PROBLEM:
Write the data out again exactly, with every picture removed.

INFORMATION SHOWN:
○ ○ ○ ○

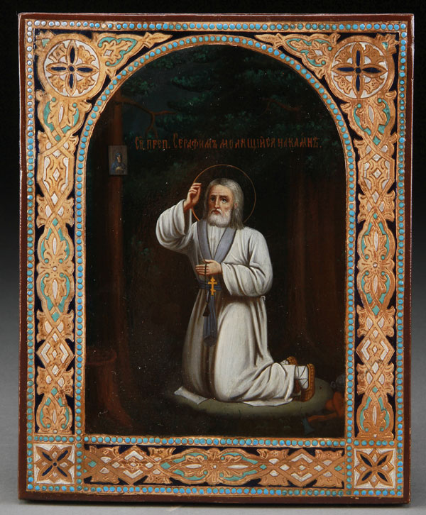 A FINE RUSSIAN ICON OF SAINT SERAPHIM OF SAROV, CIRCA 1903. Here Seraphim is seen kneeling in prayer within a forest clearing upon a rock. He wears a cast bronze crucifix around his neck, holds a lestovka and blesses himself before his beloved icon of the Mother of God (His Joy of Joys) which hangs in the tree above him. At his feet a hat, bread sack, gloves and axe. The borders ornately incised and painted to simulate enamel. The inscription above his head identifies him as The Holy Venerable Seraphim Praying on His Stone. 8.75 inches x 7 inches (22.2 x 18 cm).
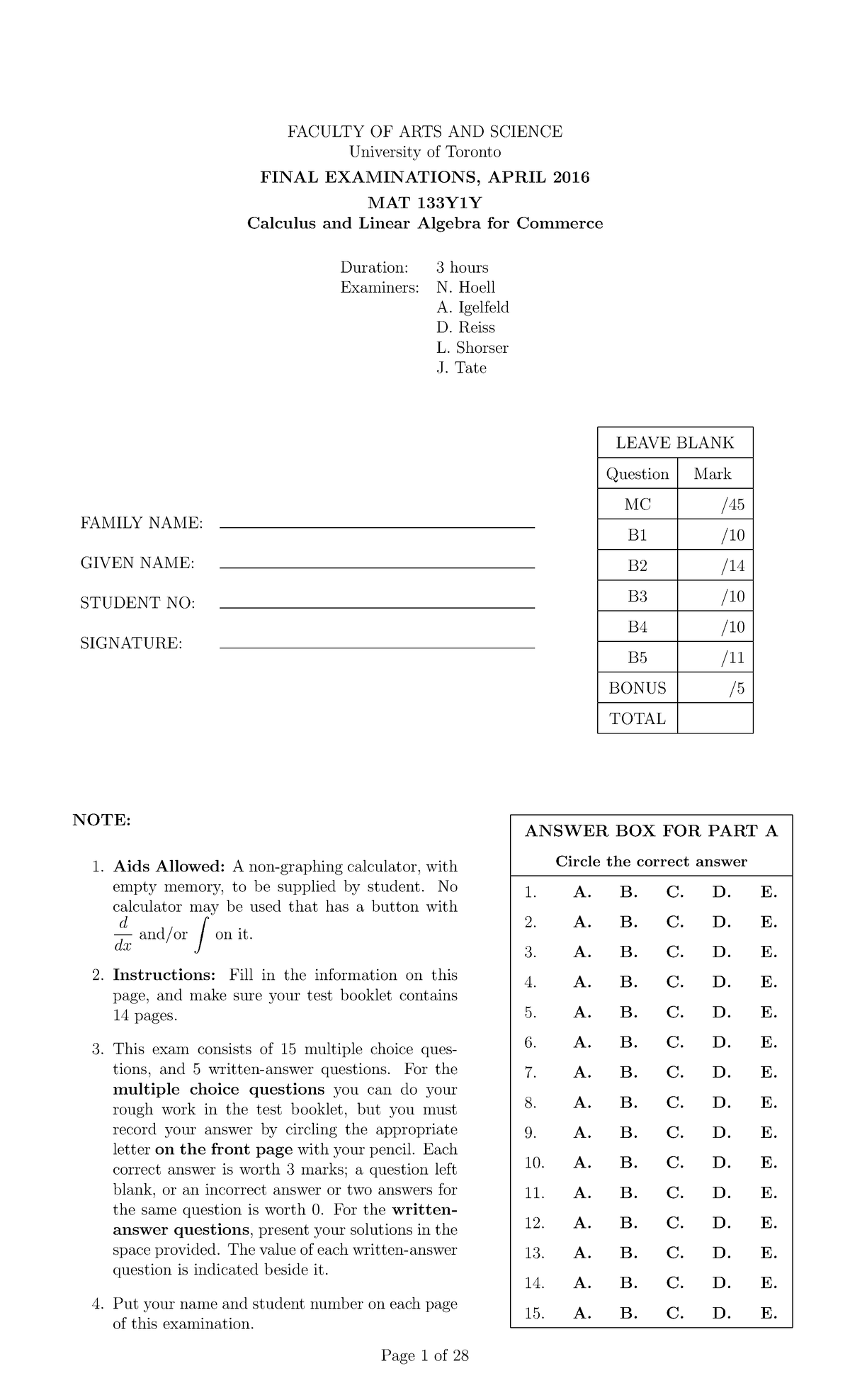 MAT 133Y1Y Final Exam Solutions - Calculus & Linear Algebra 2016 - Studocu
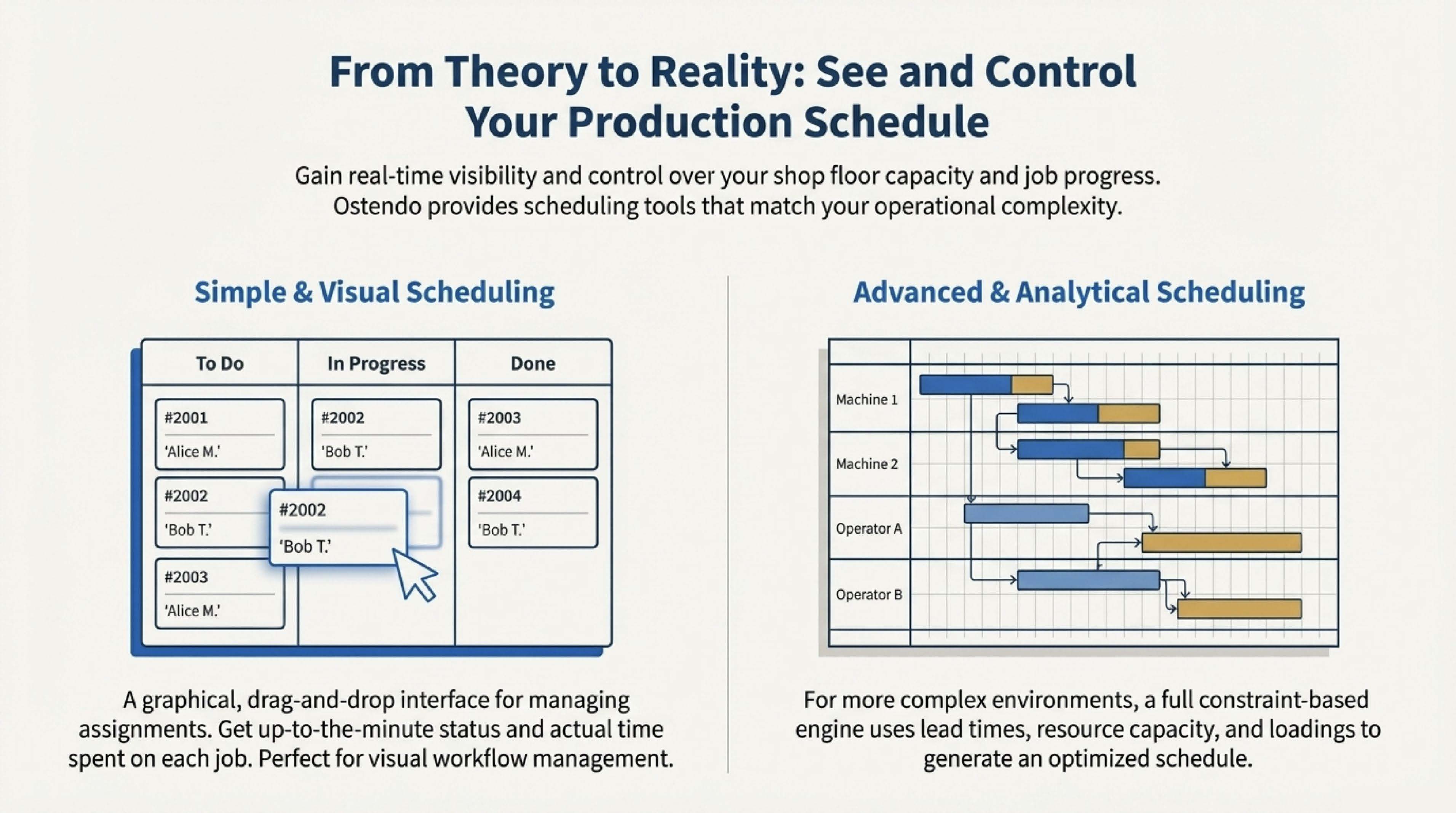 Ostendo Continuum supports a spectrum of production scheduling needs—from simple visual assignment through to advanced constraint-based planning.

○ ○ ○ ○

RESPONSE AREA:
 A FINE RUSSIAN ICON OF SAINT SERAPHIM OF SAROV, CIRCA 1903. Here Seraphim is seen kneeling in prayer within a forest clearing upon a rock. He wears a cast bronze crucifix around his neck, holds a lestovka and blesses himself before his beloved icon of the Mother of God (His Joy of Joys) which hangs in the tree above him. At his feet a hat, bread sack, gloves and axe. The borders ornately incised and painted to simulate enamel. The inscription above his head identifies him as The Holy Venerable Seraphim Praying on His Stone. 8.75 inches x 7 inches (22.2 x 18 cm).
 MAT 133Y1Y Final Exam Solutions - Calculus & Linear Algebra 2016 - Studocu
 Ostendo Continuum supports a spectrum of production scheduling needs—from simple visual assignment through to advanced constraint-based planning.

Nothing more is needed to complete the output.